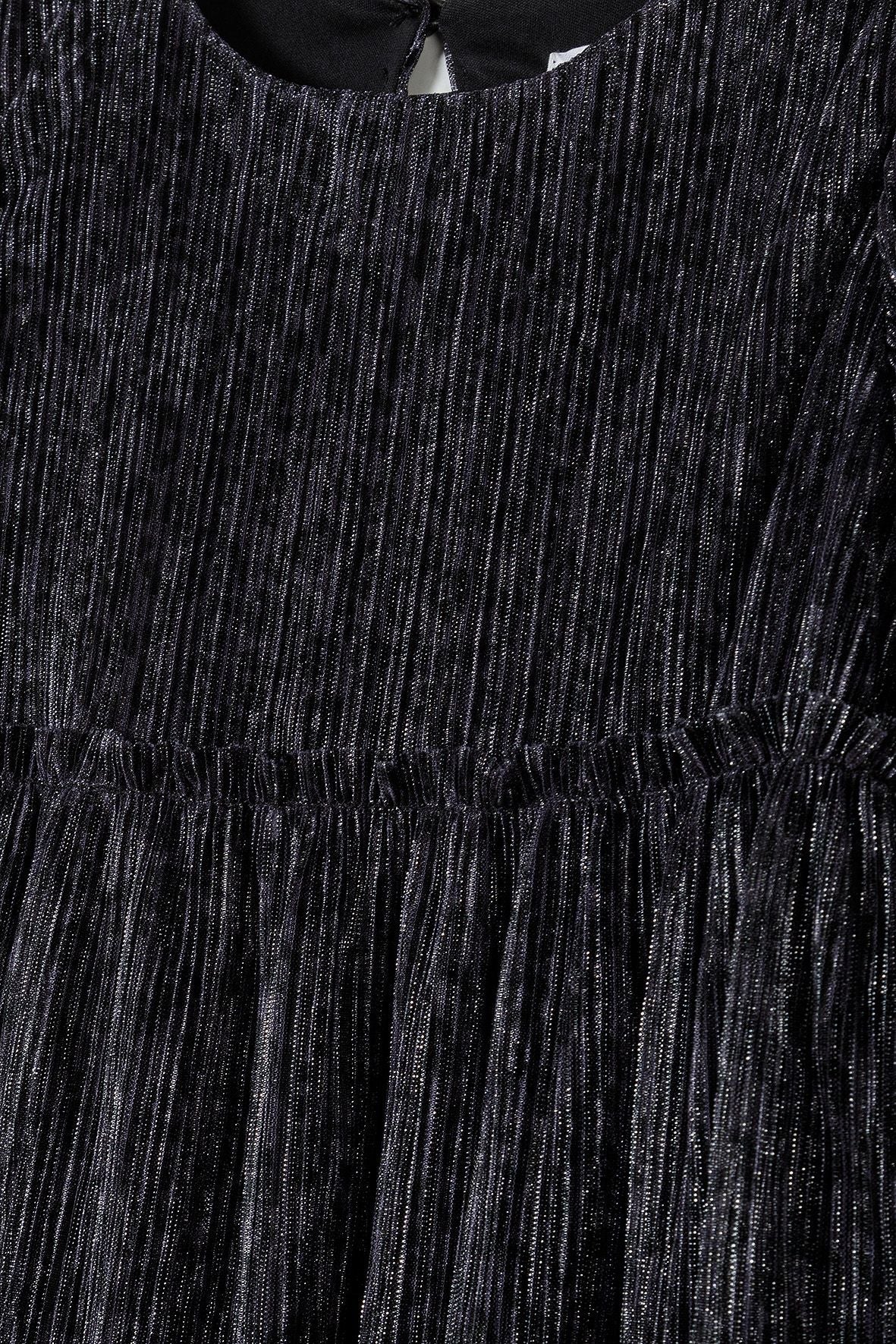 Sukienka na przyjęcie dla dziewczynek, charakteryzująca się czarną bazą ozdobioną nadrukiem z błyszczącymi elementami, idealna na świąteczne i wyjątkowe okazje. Sukienka ma długie rękawy w stylu balonowym z elastycznymi mankietami, które zapewniają ciepło i wygodne dopasowanie. Posiada marszczoną, podwójną spódnicę z falbanami ułożonymi w stopnie, tworząc plisowaną, pełną objętości sylwetkę, która dodaje elegancji całemu projektowi. Ukryty zamek błyskawiczny z tyłu ułatwia zakładanie i zdejmowanie. Konstrukcja łączy dekoracyjny blask z praktycznym podejściem do komfortu ruchu, dzięki czemu sukienka nadaje się na uroczystości lub formalne spotkania, gdzie liczy się zarówno styl, jak i funkcjonalność.
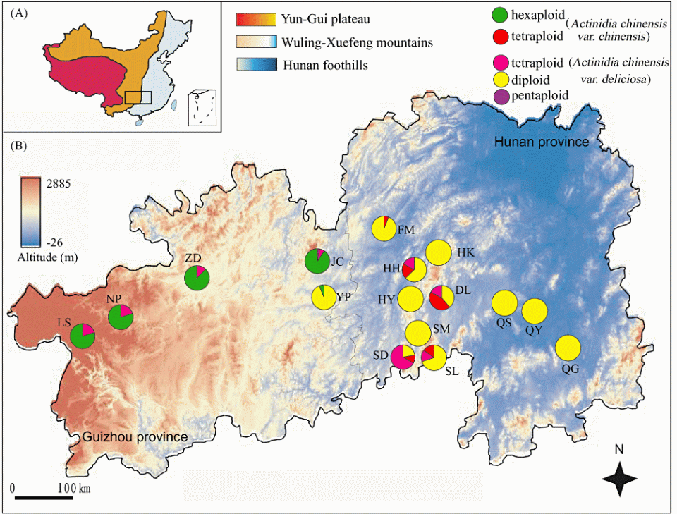 Fig. 1 from Li et al. (2010) showing progression of dominance from A. chinensis var. chinensis and polyploidy in western China to var. deliciosa and diploidy in the east: “The geographical distribution of 16 sample populations of Actinidia. A, The three steps of the Chinese topography are shown and the rectangle indicates the region in which the samples were obtained. B, Pie diagrams represent the proportion of ploidy races within each population. The colour spectrum of the map from blue to red indicates the altitude change.”
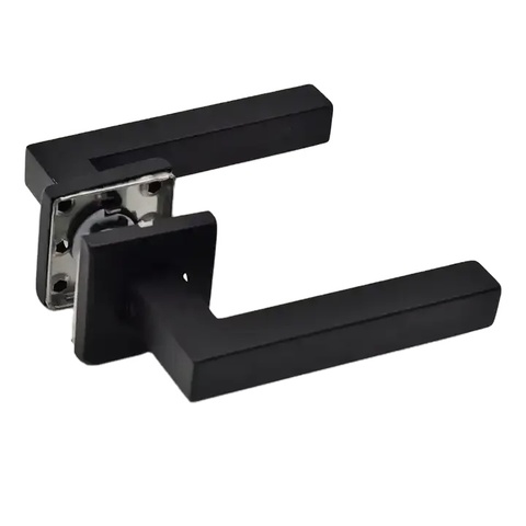 Palanca de manijas de dormitorio interior negra mate cuadrada de aleación de zinc de diseño americano al por mayor para puerta de madera
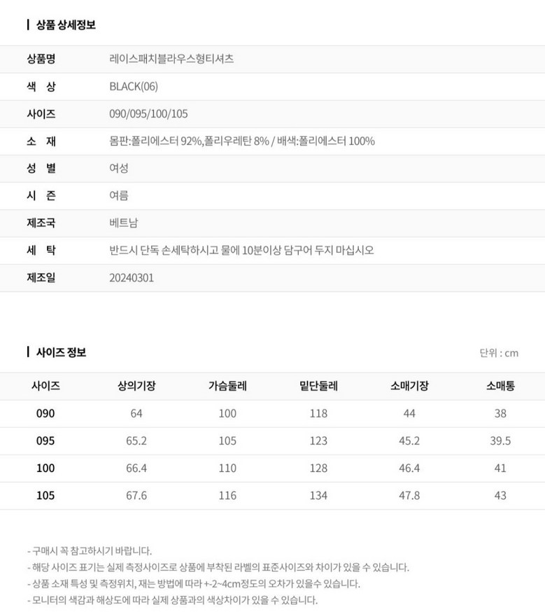 - 상의 사이즈: 여성 95
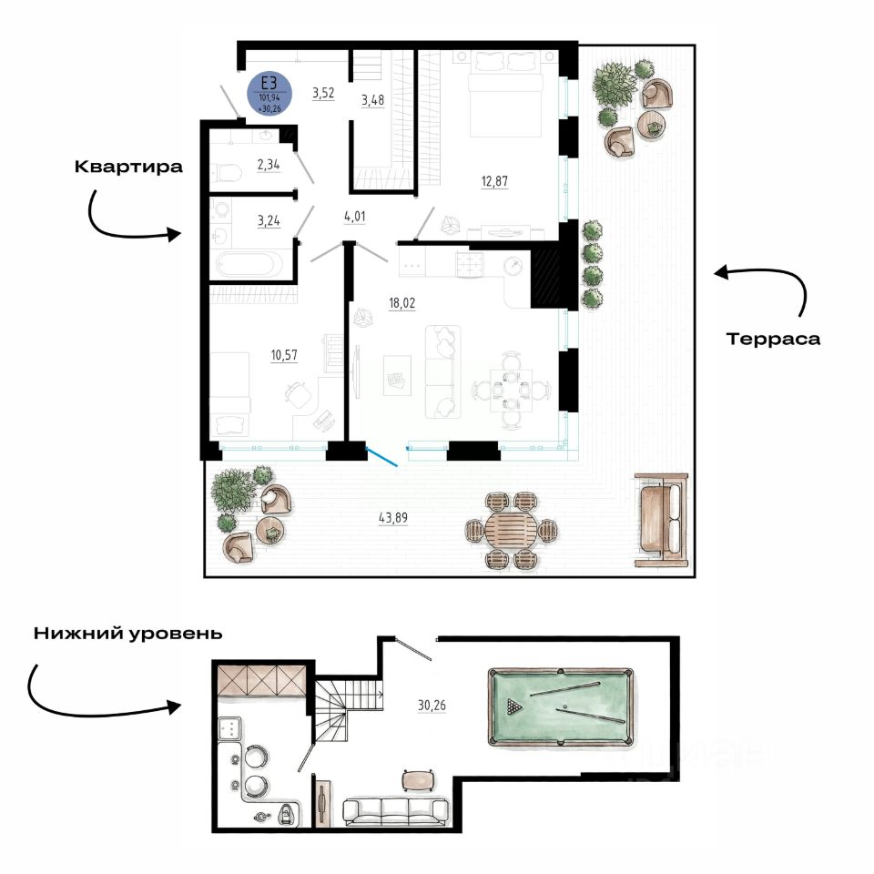 Квартира в ЖК "Первый Парковый" — свой дом в городе, рядом с парком Урбан-виллы в парке — формат, где сочетаются тишина, зелень и удобство города. Двухуровневые квартиры с террасами. У тебя свой дом в городе. Здесь можно раскинуть жизнь на двух уровнях. А терраса — место, где можно просто быть: пить кофе, смотреть на небо, никуда не спешить. Малоэтажный дом 57 этажей. Камерная среда, где всё удобно для жизни. Закрытый двор без машин. Дети гуляют рядом с домом, и вы спокойны. Во дворе только жители, зелень и тишина. Парк начинается прямо от подъезда. Можно выйти на прогулку, пробежку или просто подышать свежим воздухом — в любое время. Всё нужное рядом: школы, детские сады, магазины, остановки. Жизнь становится проще — меньше времени на дорогу, больше на себя и близких. Фасады из керамического кирпича — дом выглядит аккуратно и сохраняет внешний вид на годы. Внутри — тишина и комфортный микроклимат. Подходит для тех, кто хочет свой дом, но не готов уезжать из города. Здесь есть и приватность, и привычная инфраструктура. Звоните — подберём планировку и покажем варианты. Добавьте в избранное, чтобы не потерять этот формат — такие квартиры быстро находят своих.
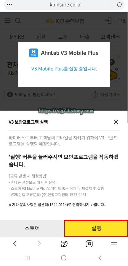 진행 중에 위와 같이 V3 보안 프로그램 실행 창이 뜬다면 '실행'을 눌러주세요.
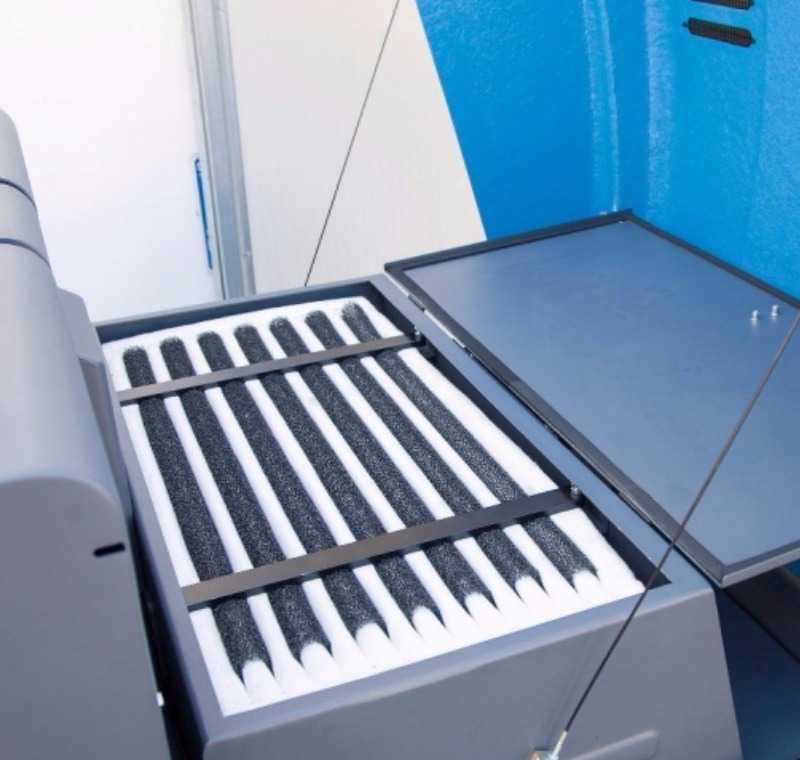 * ISAL PB 160 D model Dizel Yol süpürücüde Mikrofiber Green Cep Filtre ve Sulu Sistem Toz Kontrol Ünitesi isteğe bağlı extra olarak takılabilir.
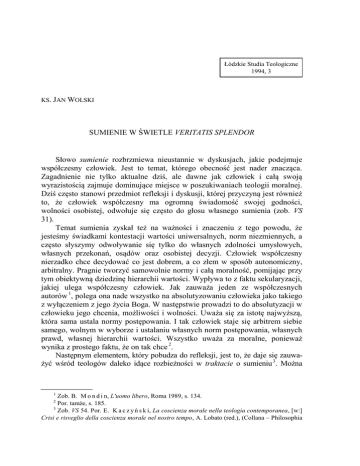 Łódzkie Studia Teologiczne 1994, 3 KS. JAN WOLSKI SUMIENIE W ŚWIETLE VERITATIS SPLENDOR Słowo sumienie rozbrzmiewa nieustannie w dyskusjach, jakie podejmuje współczesny człowiek. Jest to temat, którego obecność jest nader znacząca. Zagadnienie nie tylko aktualne dziś, ale dawne jak człowiek i całą swoją wyrazistością zajmuje dominujące miejsce w poszukiwaniach teologii moralnej. Dziś często stanowi przedmiot refleksji i dyskusji, której przyczyną jest również to, że człowiek współczesny ma ogromną świadomość swojej godności, wolności osobistej, odwołuje się często do głosu własnego sumienia (zob. VS 31). Temat sumienia zyskał też na ważności i znaczeniu z tego powodu, że jesteśmy świadkami kontestacji wartości uniwersalnych, norm niezmiennych, a często słyszymy odwoływanie się tylko do własnych zdolności umysłowych, własnych przekonań, osądów oraz osobistej decyzji. Człowiek współczesny nierzadko chce decydować co jest dobrem, a co złem w sposób autonomiczny, arbitralny. Pragnie tworzyć samowolnie normy i całą moralność, pomijając przy tym obiektywną dziedzinę hierarchii wartości. Wypływa to z faktu sekularyzacji, jakiej ulega współczesny człowiek. Jak zauważa jeden ze współczesnych autorów 1, polega ona nade wszystko na absolutyzowaniu człowieka jako takiego z wyłączeniem z jego życia Boga. W następstwie prowadzi to do absolutyzacji w człowieku jego chcenia, możliwości i wolności. Uważa się za istotę najwyższą, która sama ustala normy postępowania. I tak człowiek staje się arbitrem siebie samego, wolnym w wyborze i ustalaniu własnych norm postępowania, własnych prawd, własnej hierarchii wartości. Wszystko uważa za moralne, ponieważ wynika z prostego faktu, że on tak chce 2. Następnym elementem, który pobudza do refleksji, jest to, że daje się zauważyć wśród teologów daleko idące rozbieżności w traktacie o sumieniu 3. Można 1 Zob. B. M o n d i n, L'uomo libero, Roma 1989, s. 134. Por. tamże, s. 185. 3 Zob. VS 54. Por. E. K a c z y ń s k i, La coscienza morale nella teologia contemporanea, [w:] Crisi e risveglio della coscienza morale nel nostro tempo, A. Lobato (red.), (Collana – Philosophia 2 348 JAN WOLSKI ogólnie stwierdzić, iż jedni z nich przyznają sumieniu funkcję prostej aplikacji norm moralnych, inni rozumieją sumienie jako element kreujący normy, jeszcze inni widzą i łączą ją ze strukturą samego człowieka, jeszcze inni widzą funkcję sumienia jako prostej decyzji działającego. Nie chodzi tu o pluralizm w teologii, który jest jak najbardziej słuszny i wzajemnie uzupełniający się. Idzie o wyrażone poglądy, które prowadzą do wyrabiania opinii, „która podaje w wątpliwość istnienie wewnętrznego i nierozerwalnego związku pomiędzy wiarą a moralnością, jakby tylko wiara miała decydować o przynależności do Kościoła i o jego wewnętrznej jedności, natomiast byłby do przyjęcia pluralizm opinii i sposobów postępowania, uzależnionych od indywidualnego osądu subiektywnego sumienia lub od złożoności uwarunkowań społeczno-kulturowych” (VS 4). Veritatis splendor, poddaje ostrej krytyce kreacjonizm sumienia, propagowany przez pewne nurty kulturowe, które przeciwstawiają się i wprowadzają rozdział między wolnością a prawem. W konsekwencji prowadzi to bowiem do „kreatywnej” interpretacji sumienia. Taka koncepcja nie da się pogodzić z nauką Kościoła i jego Urzędu Nauczycielskiego (zob. VS 54). Jan Paweł II zwraca uwagę, że sposób w jaki pojmuje się wzajemne odniesienie wolności i prawdy jest związane z koncepcją sumienia. Nurty kulturowe, o których mowa, często propagują postawę rozbratu między wolnością a prawem i prowadzą do błędnej interpretacji sumienia. Niewłaściwe pojmowanie wolności, do których dążą niektóre współczesne tendencje kulturowe, a stanowiące dość liczne nurty etyczne, „podkreślają rzekomy konflikt między wolnością a prawem. Należą do nich doktryny, które przyznają poszczególnym jednostkom lub grupom społecznym prawo decydowania o tym, co jest dobre, a co złe: według nich ludzka wolność może »stwarzać wartości« i cieszy się pierwszeństwem przed prawdą, do tego stopnia, że sama prawda uznana jest za jeden z wytworów wolności” (VS 35). Idzie zatem o ujęcie wzajemnej relacji dwóch wielkości: prawdy i wolności. Te właśnie wartości pozostają kluczowymi wartościami, które dotykają zagadnienia sumienia (zob. VS 35; 54; 56). FUNKCJE SUMIENIA Prawo moralne, które jest wypisane w sercu człowieka, jest wyrazem dobroci, mądrości i Opatrzności Bożej, która wskazuje człowiekowi, co dla niego jest rzeczywistym dobrem, a co złem. Prawo to jest podniesione do porządku nadprzyrodzonego, a jego poznanie jest możliwe dzięki Objawieniu, przez rozum oświecony blaskiem wiary. Wśród wielu wypowiedzi Encykliki można przytoczyć następującą, szczególnie wyrazistą w swej treści: „Zakazując człowiekowi »jedzenia z drzewa poznania dobra i zła«, Bóg stwierdza, że człowiek nie posiada od początku tego »poznania«, ale jedynie ma w nim udział dzięki światłu naturalnego rozumu i 3), Bologna 1989, s. 47–80; P. G. P e s c e, La coscienza e la verità, [w:] Veritatis spledor. Lettera Enciclica di Giovanni Paolo II. Testo con i commenti, G. Concetti (red.), Roma 1994, s. 99. SUMIENIE W ŚWIETLE VERITATIS SPLENDOR 349 Bożego Objawienia, które ukazują mu wymogi i wezwania odwiecznej mądrości. Należy zatem uznać prawo za wyraz Bożej mądrości: poddając się prawu, wolność poddaje się prawdzie stworzenia” (VS 41). W takim to kontekście Encyklika pragnie przedstawić to, co jest właściwą funkcją sumienia. Punktem wyjścia (zob. VS 57) jest znany dobrze tekst św. Pawła z Listu do Rzymian (2, 14 nn). Pierwszą funkcją, na jaką wskazuje Ojciec Święty, jest ta, iż sumienie staje się swoistym 
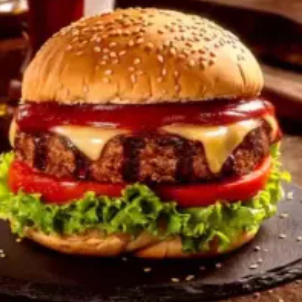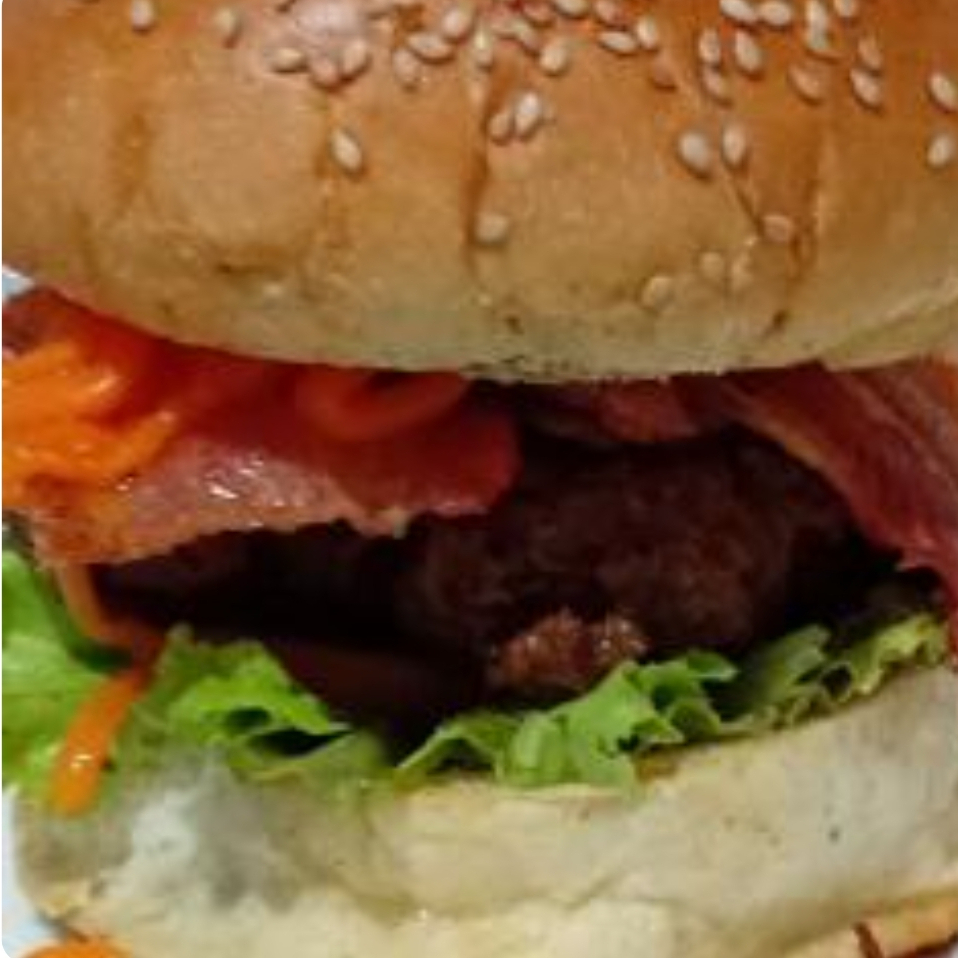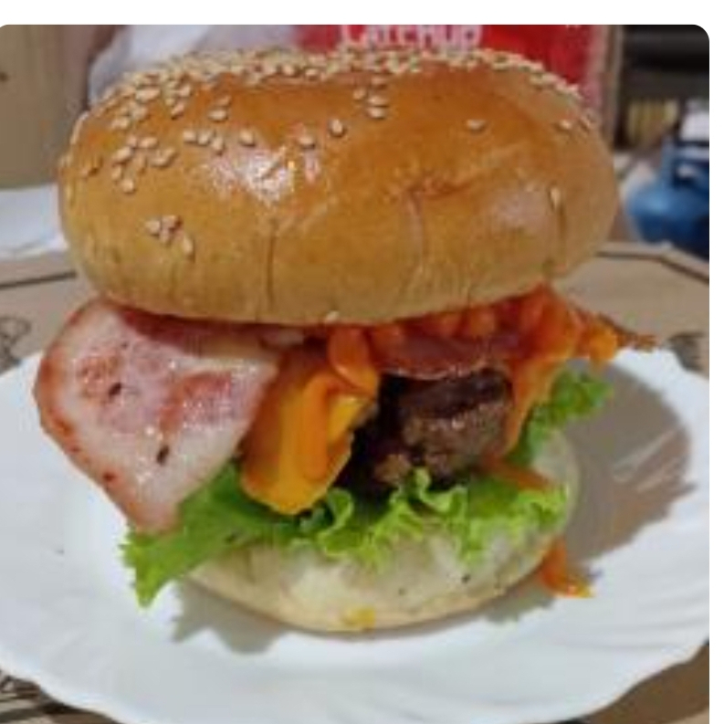Carne. 180 g ; bacon, queijo cheddar cebola caramelizada e cheddar

**ASSIGNED TASK**
Would you copy out, exactly and with no pictures, only the lines above from the one that contains "- 상의 사이즈: 여성 95" through the one that contains "extra olarak takılabilir."?

**RESULT OF THIS EXERCISE**
 - 상의 사이즈: 여성 95
 Квартира в ЖК "Первый Парковый" — свой дом в городе, рядом с парком Урбан-виллы в парке — формат, где сочетаются тишина, зелень и удобство города. Двухуровневые квартиры с террасами. У тебя свой дом в городе. Здесь можно раскинуть жизнь на двух уровнях. А терраса — место, где можно просто быть: пить кофе, смотреть на небо, никуда не спешить. Малоэтажный дом 57 этажей. Камерная среда, где всё удобно для жизни. Закрытый двор без машин. Дети гуляют рядом с домом, и вы спокойны. Во дворе только жители, зелень и тишина. Парк начинается прямо от подъезда. Можно выйти на прогулку, пробежку или просто подышать свежим воздухом — в любое время. Всё нужное рядом: школы, детские сады, магазины, остановки. Жизнь становится проще — меньше времени на дорогу, больше на себя и близких. Фасады из керамического кирпича — дом выглядит аккуратно и сохраняет внешний вид на годы. Внутри — тишина и комфортный микроклимат. Подходит для тех, кто хочет свой дом, но не готов уезжать из города. Здесь есть и приватность, и привычная инфраструктура. Звоните — подберём планировку и покажем варианты. Добавьте в избранное, чтобы не потерять этот формат — такие квартиры быстро находят своих.
 진행 중에 위와 같이 V3 보안 프로그램 실행 창이 뜬다면 '실행'을 눌러주세요.
 * ISAL PB 160 D model Dizel Yol süpürücüde Mikrofiber Green Cep Filtre ve Sulu Sistem Toz Kontrol Ünitesi isteğe bağlı extra olarak takılabilir.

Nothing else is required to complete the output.